(Collected data)
══════════════════════════════

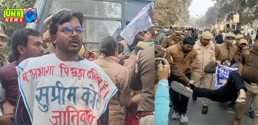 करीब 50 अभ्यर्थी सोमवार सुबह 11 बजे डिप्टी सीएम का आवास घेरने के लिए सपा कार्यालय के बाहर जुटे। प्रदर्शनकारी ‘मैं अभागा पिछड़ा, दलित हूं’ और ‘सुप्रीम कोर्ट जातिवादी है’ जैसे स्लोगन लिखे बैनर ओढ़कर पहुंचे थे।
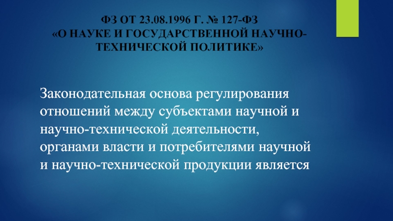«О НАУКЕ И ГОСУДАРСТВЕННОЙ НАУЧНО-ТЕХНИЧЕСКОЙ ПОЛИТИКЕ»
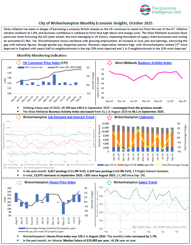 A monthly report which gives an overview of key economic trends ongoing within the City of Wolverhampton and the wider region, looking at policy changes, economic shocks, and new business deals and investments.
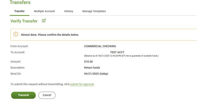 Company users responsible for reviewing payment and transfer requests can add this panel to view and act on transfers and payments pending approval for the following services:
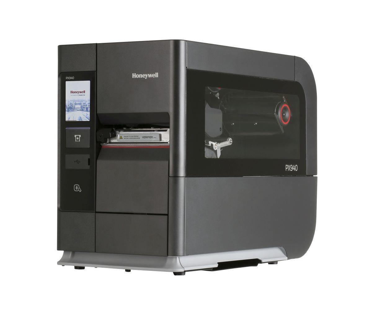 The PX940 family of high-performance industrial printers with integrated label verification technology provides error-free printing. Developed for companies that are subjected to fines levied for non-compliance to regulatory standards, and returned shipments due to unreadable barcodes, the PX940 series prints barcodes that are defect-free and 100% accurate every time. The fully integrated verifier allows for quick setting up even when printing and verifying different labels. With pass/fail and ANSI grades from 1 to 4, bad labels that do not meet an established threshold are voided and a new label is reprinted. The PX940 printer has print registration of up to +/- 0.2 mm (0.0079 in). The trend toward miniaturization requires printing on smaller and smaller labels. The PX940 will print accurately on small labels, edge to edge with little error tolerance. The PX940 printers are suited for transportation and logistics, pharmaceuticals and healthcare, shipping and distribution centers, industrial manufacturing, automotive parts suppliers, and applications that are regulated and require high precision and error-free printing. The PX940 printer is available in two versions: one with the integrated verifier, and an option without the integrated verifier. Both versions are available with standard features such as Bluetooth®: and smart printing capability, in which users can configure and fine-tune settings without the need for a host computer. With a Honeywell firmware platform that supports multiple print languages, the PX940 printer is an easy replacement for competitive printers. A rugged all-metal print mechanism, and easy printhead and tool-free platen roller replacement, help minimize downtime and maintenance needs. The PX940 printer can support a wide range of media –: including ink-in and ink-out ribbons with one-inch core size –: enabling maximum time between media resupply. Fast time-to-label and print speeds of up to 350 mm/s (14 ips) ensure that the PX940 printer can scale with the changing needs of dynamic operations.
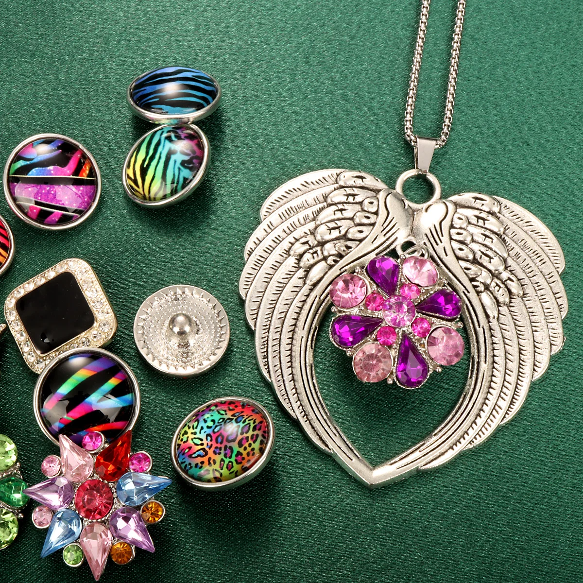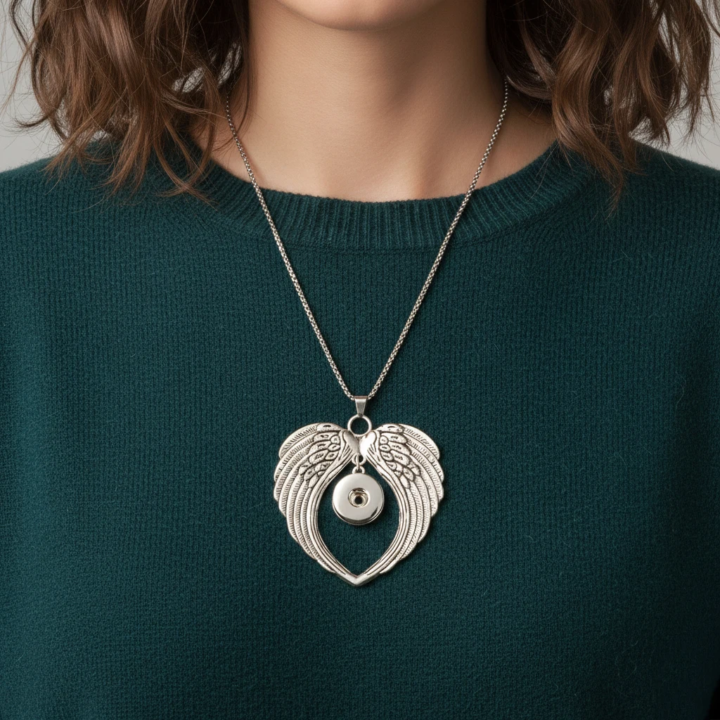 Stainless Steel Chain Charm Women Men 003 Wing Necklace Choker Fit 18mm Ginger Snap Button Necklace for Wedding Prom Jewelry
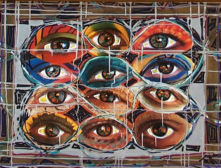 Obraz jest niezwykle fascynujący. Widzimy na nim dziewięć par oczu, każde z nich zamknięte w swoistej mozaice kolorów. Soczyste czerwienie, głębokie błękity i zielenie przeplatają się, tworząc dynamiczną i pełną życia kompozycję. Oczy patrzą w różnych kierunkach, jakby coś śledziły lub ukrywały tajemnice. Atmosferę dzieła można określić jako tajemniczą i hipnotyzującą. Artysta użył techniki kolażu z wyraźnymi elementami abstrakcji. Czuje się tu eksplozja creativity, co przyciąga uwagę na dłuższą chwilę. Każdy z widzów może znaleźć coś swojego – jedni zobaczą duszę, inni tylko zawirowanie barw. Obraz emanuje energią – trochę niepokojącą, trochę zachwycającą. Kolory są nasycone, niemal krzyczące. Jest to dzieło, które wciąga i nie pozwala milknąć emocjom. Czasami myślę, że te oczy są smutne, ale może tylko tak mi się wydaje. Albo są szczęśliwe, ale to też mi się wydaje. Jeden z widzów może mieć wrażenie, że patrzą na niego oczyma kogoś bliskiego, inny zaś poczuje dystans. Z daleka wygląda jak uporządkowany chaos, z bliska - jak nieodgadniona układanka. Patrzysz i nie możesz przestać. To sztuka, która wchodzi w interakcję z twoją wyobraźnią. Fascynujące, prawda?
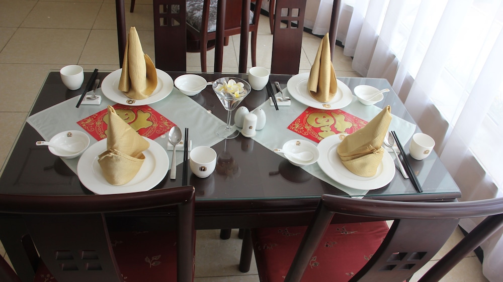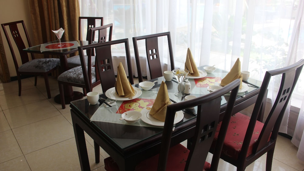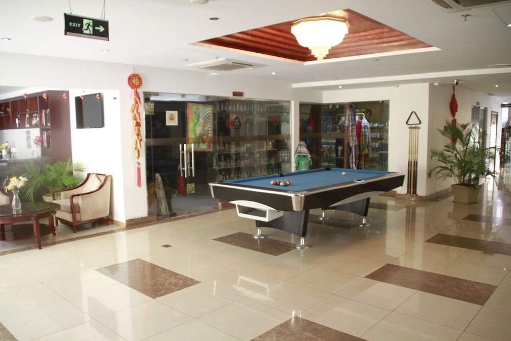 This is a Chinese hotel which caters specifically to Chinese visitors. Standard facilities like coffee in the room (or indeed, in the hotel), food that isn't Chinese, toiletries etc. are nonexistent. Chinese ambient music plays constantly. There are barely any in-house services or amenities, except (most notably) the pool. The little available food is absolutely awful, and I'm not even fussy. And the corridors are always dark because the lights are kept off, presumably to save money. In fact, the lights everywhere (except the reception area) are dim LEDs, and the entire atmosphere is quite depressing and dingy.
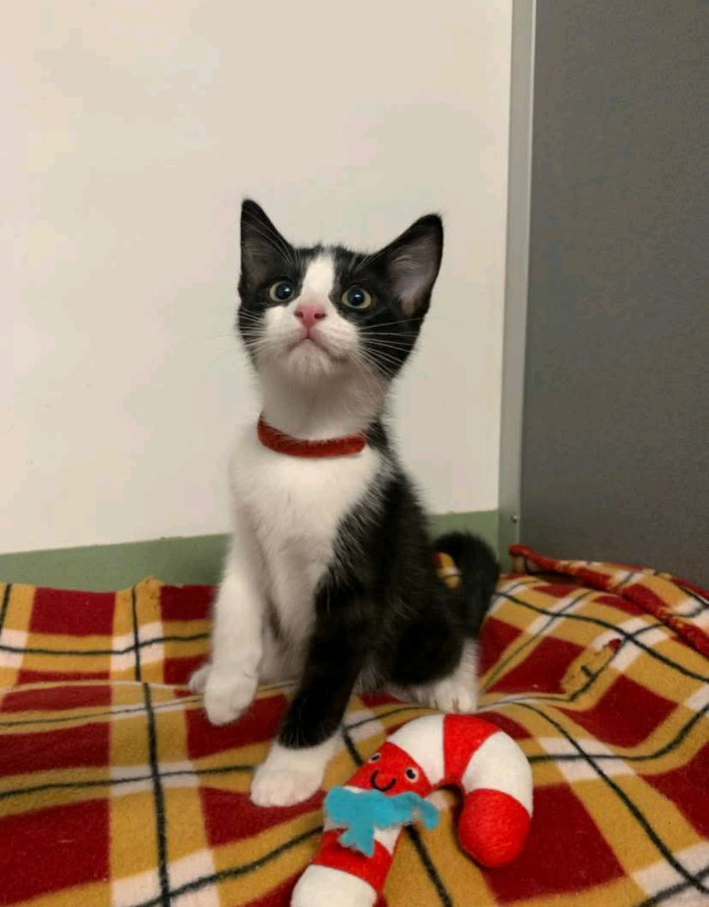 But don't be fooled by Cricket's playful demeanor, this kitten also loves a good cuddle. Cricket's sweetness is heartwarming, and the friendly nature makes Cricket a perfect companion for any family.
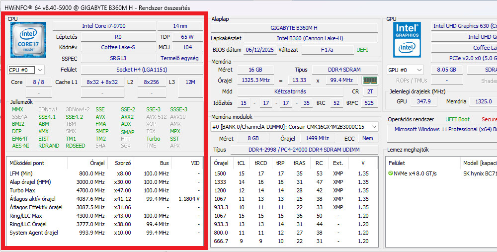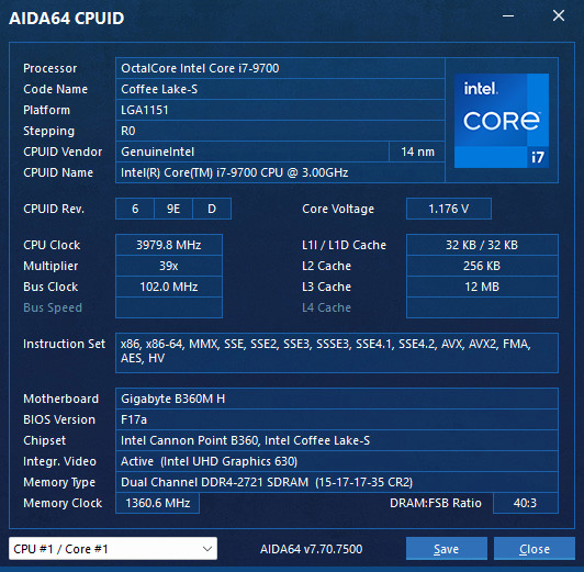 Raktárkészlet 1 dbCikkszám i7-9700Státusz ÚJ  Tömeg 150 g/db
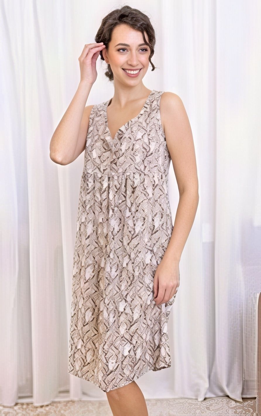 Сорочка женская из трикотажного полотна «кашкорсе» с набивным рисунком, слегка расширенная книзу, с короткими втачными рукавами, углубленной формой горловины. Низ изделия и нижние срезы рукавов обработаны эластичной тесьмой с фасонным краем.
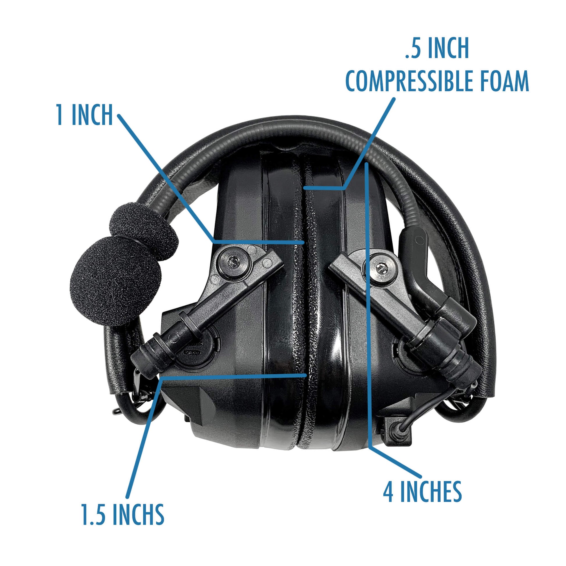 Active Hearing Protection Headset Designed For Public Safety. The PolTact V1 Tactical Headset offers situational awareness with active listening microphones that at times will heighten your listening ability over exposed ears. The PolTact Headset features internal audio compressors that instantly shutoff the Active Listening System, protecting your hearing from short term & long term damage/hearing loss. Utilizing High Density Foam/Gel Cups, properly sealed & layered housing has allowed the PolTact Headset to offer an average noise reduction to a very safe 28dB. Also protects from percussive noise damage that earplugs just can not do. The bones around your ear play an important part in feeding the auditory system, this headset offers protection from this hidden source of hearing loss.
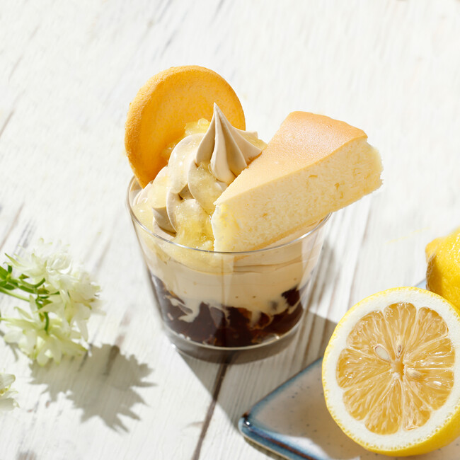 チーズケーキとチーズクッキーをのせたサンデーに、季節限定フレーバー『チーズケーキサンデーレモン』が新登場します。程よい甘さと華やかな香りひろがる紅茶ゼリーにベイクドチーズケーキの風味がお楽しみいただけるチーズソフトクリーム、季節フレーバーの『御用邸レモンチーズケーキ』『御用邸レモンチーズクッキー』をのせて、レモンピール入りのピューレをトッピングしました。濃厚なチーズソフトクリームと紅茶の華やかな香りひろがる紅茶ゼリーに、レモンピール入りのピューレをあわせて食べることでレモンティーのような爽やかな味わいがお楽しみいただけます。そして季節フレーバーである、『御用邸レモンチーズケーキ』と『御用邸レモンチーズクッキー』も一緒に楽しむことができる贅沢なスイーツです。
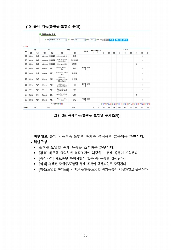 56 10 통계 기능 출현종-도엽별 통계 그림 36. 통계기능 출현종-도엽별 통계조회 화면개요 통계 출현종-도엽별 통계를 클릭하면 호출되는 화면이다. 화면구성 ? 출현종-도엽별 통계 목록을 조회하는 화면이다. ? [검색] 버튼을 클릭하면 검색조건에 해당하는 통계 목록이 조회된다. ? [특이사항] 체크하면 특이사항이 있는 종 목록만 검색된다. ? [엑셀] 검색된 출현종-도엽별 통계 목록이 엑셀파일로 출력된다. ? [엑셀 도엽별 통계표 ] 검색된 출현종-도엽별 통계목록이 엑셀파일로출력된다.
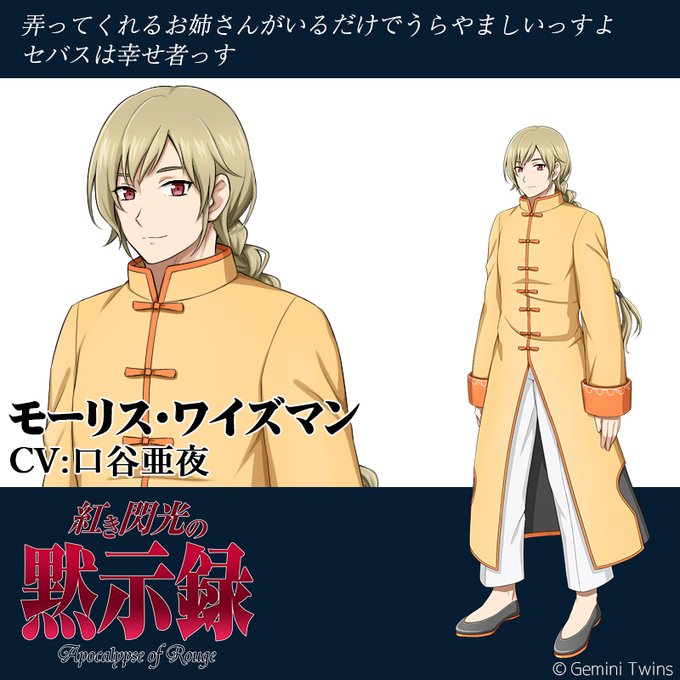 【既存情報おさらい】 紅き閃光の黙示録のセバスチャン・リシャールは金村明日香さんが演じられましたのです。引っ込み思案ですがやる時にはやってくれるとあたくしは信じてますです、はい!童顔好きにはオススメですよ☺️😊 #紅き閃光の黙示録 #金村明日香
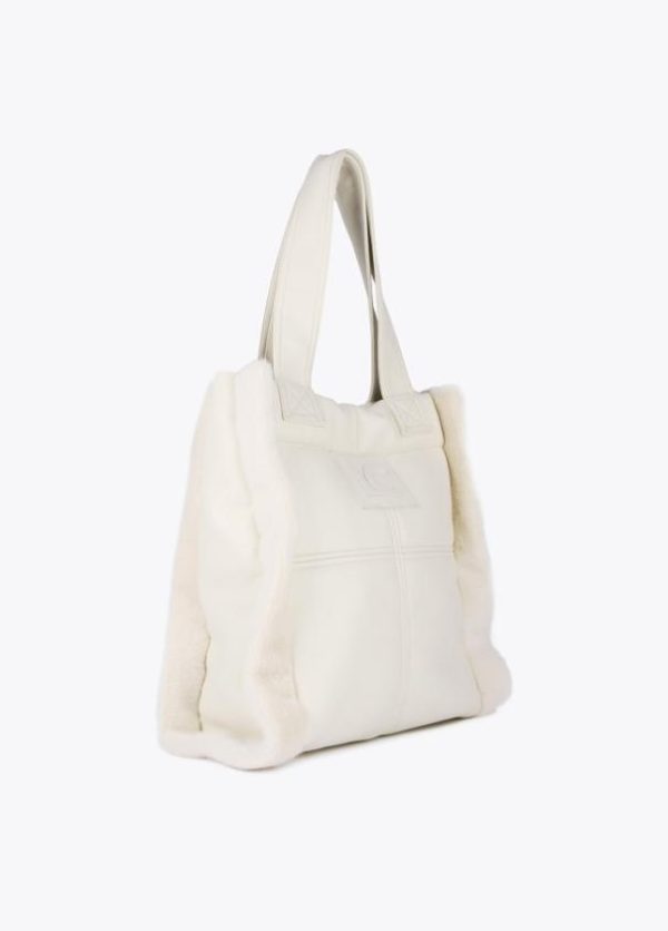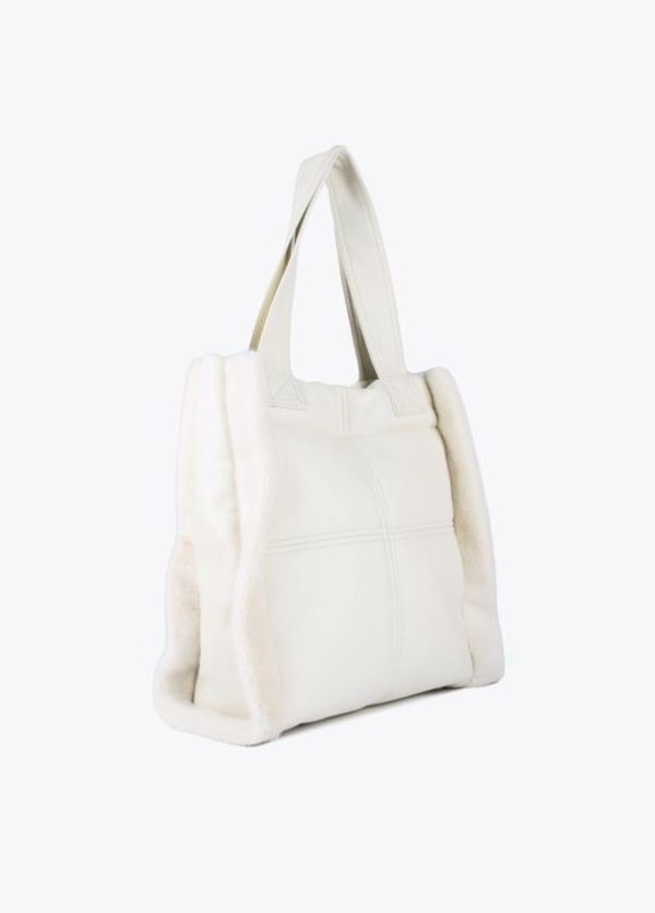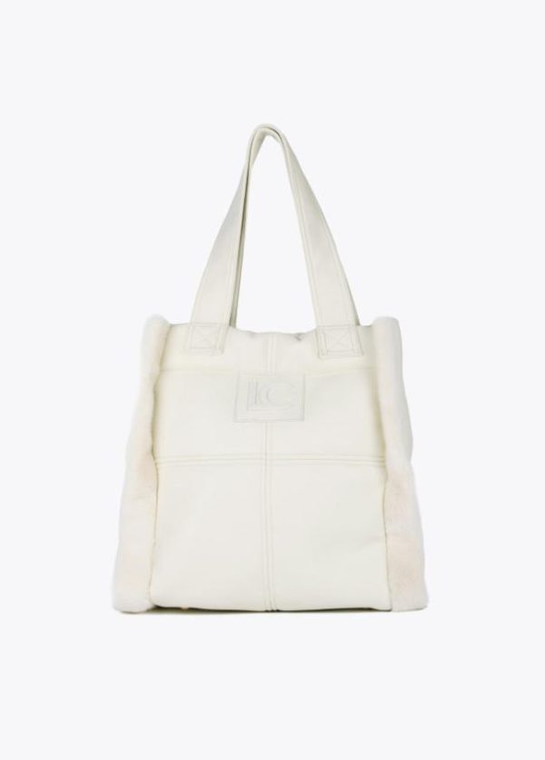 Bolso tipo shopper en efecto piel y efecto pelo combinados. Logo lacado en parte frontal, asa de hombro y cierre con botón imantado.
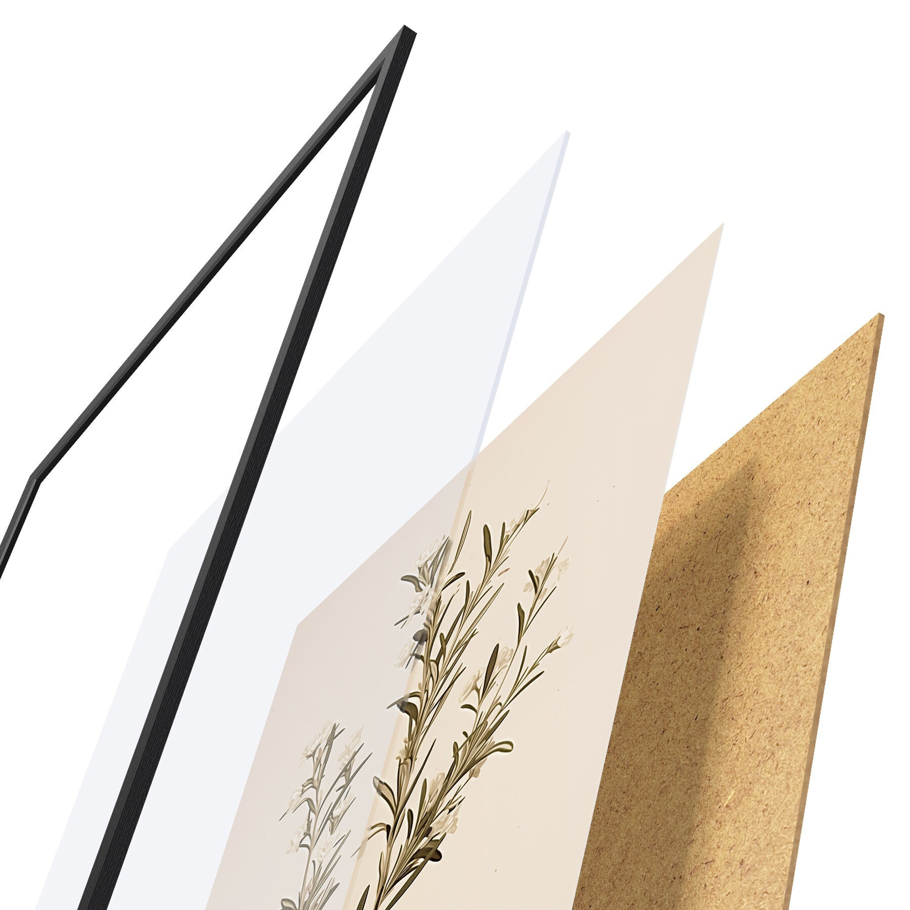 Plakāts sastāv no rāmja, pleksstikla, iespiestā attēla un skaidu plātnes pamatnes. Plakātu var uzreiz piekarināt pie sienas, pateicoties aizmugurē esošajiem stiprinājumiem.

══════════════════════════════

→ **ACTIVITY**
Although the records above contain pictures, the copy should hold only the lines from their start through the line containing "A monthly report", each exactly as written, and none of the pictures.

→ **PROBLEM SOLUTION**
 करीब 50 अभ्यर्थी सोमवार सुबह 11 बजे डिप्टी सीएम का आवास घेरने के लिए सपा कार्यालय के बाहर जुटे। प्रदर्शनकारी ‘मैं अभागा पिछड़ा, दलित हूं’ और ‘सुप्रीम कोर्ट जातिवादी है’ जैसे स्लोगन लिखे बैनर ओढ़कर पहुंचे थे।
«О НАУКЕ И ГОСУДАРСТВЕННОЙ НАУЧНО-ТЕХНИЧЕСКОЙ ПОЛИТИКЕ»
 A monthly report which gives an overview of key economic trends ongoing within the City of Wolverhampton and the wider region, looking at policy changes, economic shocks, and new business deals and investments.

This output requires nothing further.